Easter Island is one of the most remote inhabited islands of the world. The closest country is Chile which is a five-hour-flight away. On the island there’s only one inhabited town named Hanga Roa. Inhabitants of the Easter Island know Spanish but they speak the indigenous language Rapa Nui when they talk to each other.

There are still a lot of mysteries about the history of the island and the famous Moai. Why and how did the indigenous people form these giant statues of stone? How did they carry them? Experts have different theses about when and why they were created. The legend says that they represent worshipped ancestors that passed away. They are always situated near the coast facing the island and they should symbolise a connection between this world and the other side.

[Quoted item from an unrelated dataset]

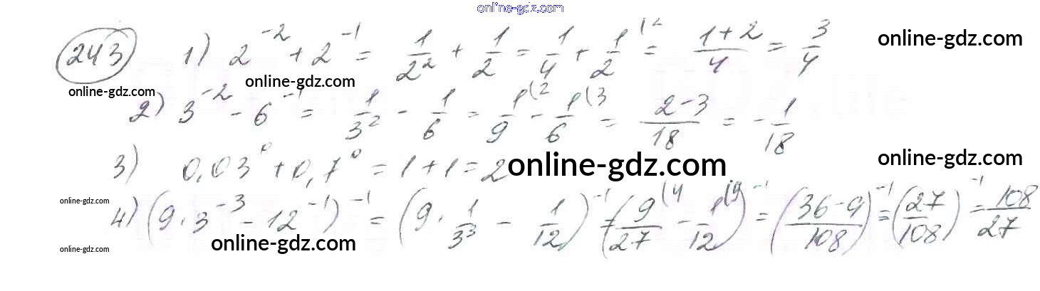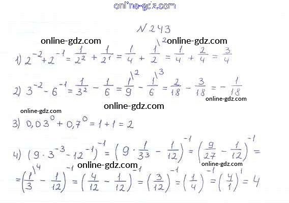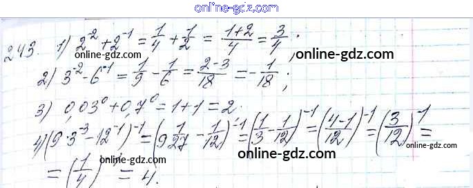Готовые домашние задания по Алгебре за 8 класс Учебник Мерзляк, Полонский Алгоритм успеха 2016 - §8. Степень с целым отрицательным показателем Глава 1. Рациональные выражения 243
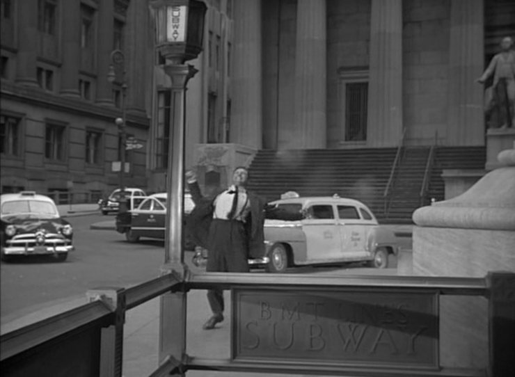 De ces principes scénaristiques va découler la mise en scène proprement dite. On a déjà souligné très souvent que ce film avait été un des premiers à utiliser les décors naturels de la ville de New York. En ce sens il est dans la lignée de The naked city de Jules Dassin[5]. Mais à mon sens il va un peu plus loin dans l’utilisation de la verticalité de la ville. Les immeubles sont écrasants, et Joe Norson lève souvent les yeux en l’air comme s’il voulait par la pensée au moins échapper à cet écrasement. Dès l’ouverture, un survol en hélicoptère nous montre la ville hérissée de gratte-ciel. On verra encore à la fin la poursuite de Garsell par la police depuis une vue plongeant par-dessus les immenses tours, ce qui donne à la fois l’idée d’un précipice et celle d’un labyrinthe, voire d’une prison dont on ne peut s’extraire. La photo est somptueuse, il faut dire que dans le début des années cinquante New York est très photogénique. Cette fois Anthony Mann ne s’est pas assuré l’aide de John Alton, mais c’est Joseph Ruttenberg qui s’y est collé. Certes il est plus discret qu’Alton dans le jeu des ombres et des lumières, mais c’est un très grand photographe qui obtiendra l’Oscar de la meilleure photographie quatre fois, notamment pour Somebody Up There Likes Me de Robert Wise en 1956, film qui se passe aussi dans New York. Formellement Anthony Mann est beaucoup à l’aise ici que dans le désert de Border incident. Cependant comme très souvent il manque un peu d’équilibre entre les parties. Par exemple on ne comprend pas très bien pourquoi Joe abandonne sa femme sur le point d’accoucher et se réfugie dans un hôtel. Que fuit-il ? La réponse est peut-être dans le pont de Brooklyn omniprésent dans le film qui suggère un passage vers l’âge adulte et l’abandon des chimères. Le film va s’animer après que Joe se soit retrouvé au bord de l’Hudson en train de méditer sur sa destinée. Le dernier tiers est bien meilleur que tout le reste, on avance, passant de la boîte de nuit aux docks de New York.

Entrance of the airport: a wooden arch cowered with straw

When my sister and her boyfriend came to visit me in Chile in December we decided to spend Christmas on Easter Island. I was so excited to travel there because of its uniqueness.

The flights are quite costly and to be allowed to enter the national park of the island you have to pay a fee of 70€. Everything else like rental car, supermarkets, accommodation, etc. is also way more expensive than on the mainland.

Coast close to Ahu Tahai

Our Airbnb host was supposed to pick us up at the airport but apparently he forgot about us. After everyone else had already left the airport a nice woman approached us and offered us a ride. She asked where we needed to go and to our surprise she knew where to drive when we told her the name of our host. The woman explained us that in Hanga Roa almost everyone knows each other. She was Chilean but fell in love with a Rapa Nui and moved to the island. Rapa Nui is the name of the indigenous people on Easter Island, it’s the name of their language and also the name of the island in their language. The woman told us that she loves the easy-going island life where stress isn’t part of the vocabulary and everyone trusts each other. Apparently no-one locks their door or car on the island because there’s no crime. When we arrived to the apartment she refused to take money for the ride and simply wished us a nice holiday. She said it was important for her to give tourists a good first impression of the island and that we should call her if we needed anything else. Once at the apartment our host apologised and offered us a rental car at a special rate as compensation.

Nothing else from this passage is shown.